Research Opportunity Leads Strasser to Internship
An interest in astronomy prompted Samantha Strasser, '11, to study physics at Albion College. An on-campus research opportunity, which led to a summer internship with the fusion energy division of the energy and engineering sciences directorate at Oak Ridge National Laboratory (ORNL), has opened up even more future paths for the Brighton native to consider.
"I like everything about physics," Strasser said. Right now, her interests range from astrophysics to electronics.
While many of her classmates returned home, Strasser remained on campus for the summer after her first year at Albion to work with physics professor David Seely on a project funded by the college's Foundation for Undergraduate Research, Scholarship and Creative Activity that led to a co-author on a peer-reviewed article in a bound volume of conference proceedings. Seely, who had completed a sabbatical at ORNL, took Strasser to the facility in Tennessee for a week to demonstrate the type of collaborative research being done. It was on that trip that Strasser met her ORNL mentor, Charles Havener.
When Strasser was looking for an internship last summer, Havener jumped at the opportunity to bring in a student who knew her way around the lab. The work being done involves building a fusion reactor to make energy creation through the atomic collisions more efficient.
"We think of nuclear energy as fission, and people are scared of it because they think about (the dangers associated with reactor accidents like) Chernobyl or Three Mile Island," Strasser explained. "Meltdowns can't happen because of the nature of fusion. It is so hard to get atoms to fuse together that if something goes wrong, the reaction just halts. There is not a lot of radiation that comes from it because the elements we use do not continue to decay for hundreds of years like uranium or plutonium."
"We had to make a lot of repairs on the machine," Strasser added. "Charlie was happy that I had experience with high vacuum systems because there are a lot of highly specialized tools that go with that. If you screw up it's hard to know where you made a mistake. I think if I was at the University of Michigan there's no way I'd be doing something like this right now. I would have to be in my third year of graduate school before I got to do something like this."
Strasser's specific work was in charge exchange, where the nuclei of atomic particles don't have enough energy to collide.
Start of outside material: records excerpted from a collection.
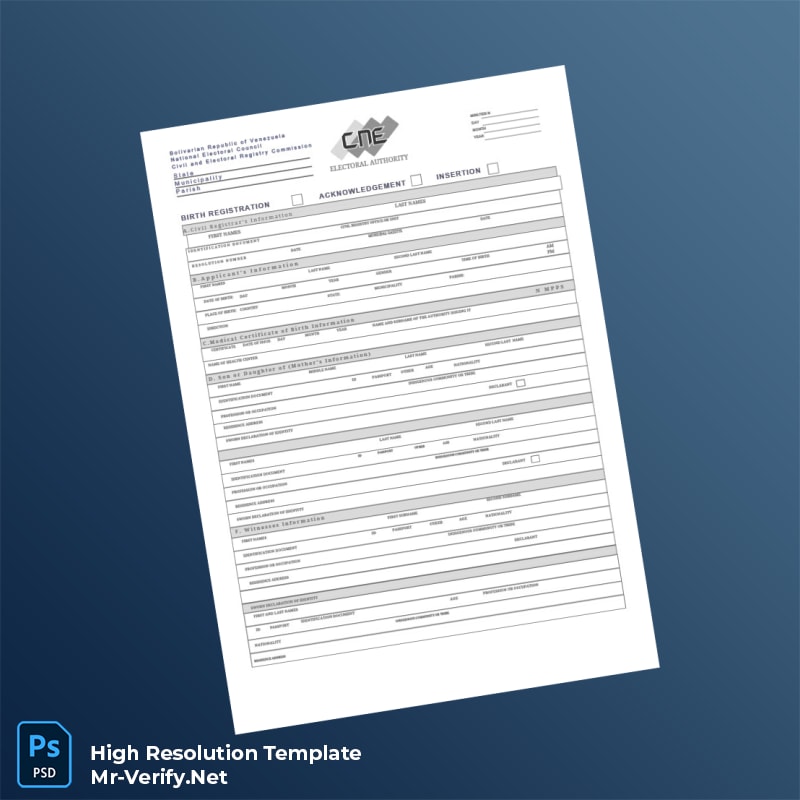 Effortlessly Secure Your Vital Records with the Venezuela National Electoral Council Birth Registration Certificate Word and PDF Template
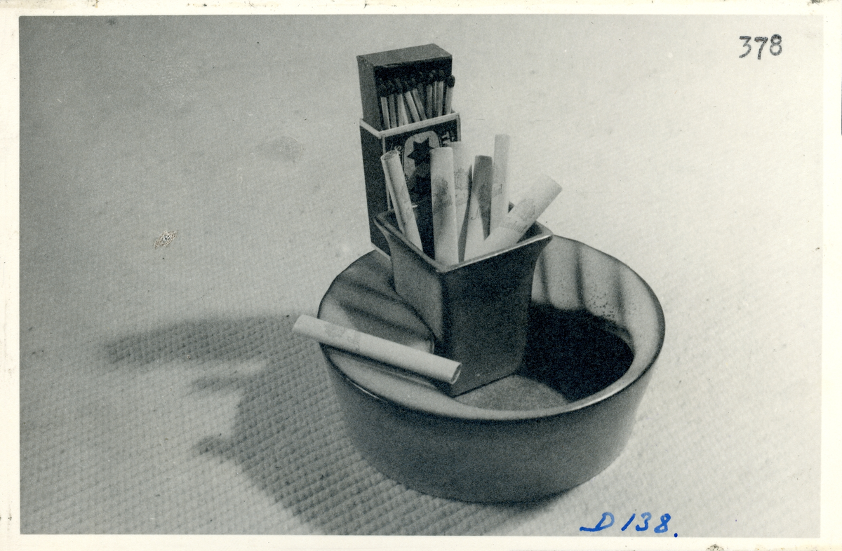 Askfat med tändsticks- och cigaretthållare från Bo Fajans, formgivare Ewald Dahlskog, 1900-talets mitt.
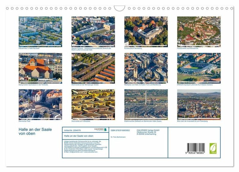 QUALITÄT - Hochwertiger Fotokalender mit 12 wunderschönen Motiven auf lichtbeständigem Bilderdruckpapier, robuste Spiralbindung mit Aufhängebügel.NACHHALTIG - deutliche Abfallreduzierung durch bedarfsgerechte Einzelstückfertigung, umweltfreundliches FSC-zertifiziertes Papier, Produktion in Deutschland, klimabewusste Logistik.PERFEKTES GESCHENK - Kalender für Freunde und Familie, für Kinder und Erwachsene, jung und alt, zu Weihnachten, Geburtstag oder zwischendurch.VIELFALT - Bildkalender in verschiedenen Formaten, z.B. DIN A5, DIN A4, DIN A3 sowie DIN A2. Ob Naturmotiv, Gemälde oder Fotos, ideal für ein persönliches Wohlfühlambiente.Neue Blicke auf die Händelstadt Halle von Autor(in): Hallenser
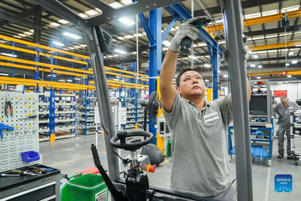 A worker works at a production line of Jungheinrich AG in Qingpu district of east China's Shanghai, Oct. 20, 2021. Jungheinrich AG, a leading intralogistics solutions provider based in Germany, would take part in the China International Import Expo (CIIE) for the fourth time this year. (Xinhua/Ding Ting)

Instead, only an electron is exchanged between the atoms. The issue being investigated is the rate at which neutral particles develop from charge exchange in an environment like a fusion plasma. Neutral particles are bad for fusion because they inhibit the fusion reaction.
Back on campus for the fall semester before heading off to study in Japan, Strasser has an invitation to return to ORNL, and she is using some of the things she learned in the electronics lab at Albion.
"My mentor wants me to come back to Oak Ridge over winter break to do some more work because I wrote some LabVIEW programs," she added, talking about her work with the software that is standard in many labs. "He had no idea how to use it and he said, ‘Here's what we're using now and I want it to do this and this.' I essentially had to learn how to use LabVIEW, and now I'm a teaching assistant for the electronics lab this semester and the professor teaching it is excited because I'm able to help students with it."
Strasser's experience at ORNL may lead to another co-authorship on a paper if the research pans out, and she reports that the poster she developed from the internship has been noticed by graduate school recruiters.
"I submitted my poster to a scholarship competition for a program funded by the Department of Energy and a scout from West Virginia University called me a couple of weeks ago," Strasser said. "I'm trying to get my name out there."